In a second approach, FACS-sorted CX3CR1-GFP+ microglia were transplanted into the CP of isolated ICR mouse brains, and the brains were then sliced for culturing. At 24 h after transplantation, the injected microglia remained in the CP, although some had migrated out (Supplementary Fig. 12a–c; Supplementary Movie 9). Immunohistochemical analyses (at 24 h) performed on CPs containing transplanted microglia revealed that the density and the position of cells expressing Ctip2, Satb2, Cux1, and Tbr1 were altered in a manner very similar to those observed in microglia-containing CPs exposed to CXCL12 beads; Tbr1+, Satb2+, or Cux1+ cells were more abundant, whereas Ctip2+ cells were less abundant (Supplementary Fig. 12d–f).

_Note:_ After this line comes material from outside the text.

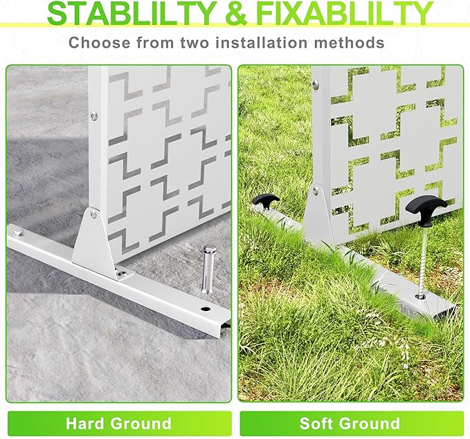 • 【Robust Metal Build】The metal privacy screen boasts a robust construction crafted from high-quality galvanized steel. Designed to endure the rigors of outdoor elements, its sturdy build guarantees prolonged durability.

We further performed in vivo experiments to artificially deliver microglia to the CP (Fig. 4h). A vector that allowed the conditional expression of CXCL12 based on Cre-ERT2 under the Tα1-promoter (a neuron-specific promoter) was introduced by in utero electroporation (IUE) on E12, and this delivery was followed by maternal tamoxifen administration on E14. The successful expression of Cxcl12 mRNA was detected in a pattern matching that of Lyn-TdTomato. (Fig. 4i). On E16, abnormal microglial accumulation was found in CXCL12-overexpressing CPs (Fig. 4j; Supplementary Fig. 13). Immunohistochemical analyses demonstrated that Satb2+ and Cux1+ cells were significantly more abundant in microglia-containing CPs in the deep zone (bins 1–3) than in the controls (Fig. 4k, l; Supplementary Table 1). In addition, the density of Tbr1+ cells was increased in the middle zone (bins 3–5) in CXCL12-overexpressing CPs. In contrast, the density of Ctip2+ cells was significantly lower in the deep zones (bins 2 and 3) of microglia-containing CPs than in the controls. To exclude the possibility that CXCL12 overexpression directly affects neuronal marker expression, we combined this overexpression system with the intraventricular injection of clodronate (which selectively depletes microglia) on E14, and found that the expression of these transcription factors was comparable between the only Lyn-TdTomato-expressing control brains and microglia-depleted CXCL12-overexpressing brains. These results obtained by slice culture-based and in vivo experiments suggest that microglia may influence postmigratory cortical neurons in the expression of neuronal subtype-associated transcription factors, if these cells are inadvertently positioned in the CP, although it is also possible that ectopic (intra-CP) microglia affected neuronal migration and/or positioning.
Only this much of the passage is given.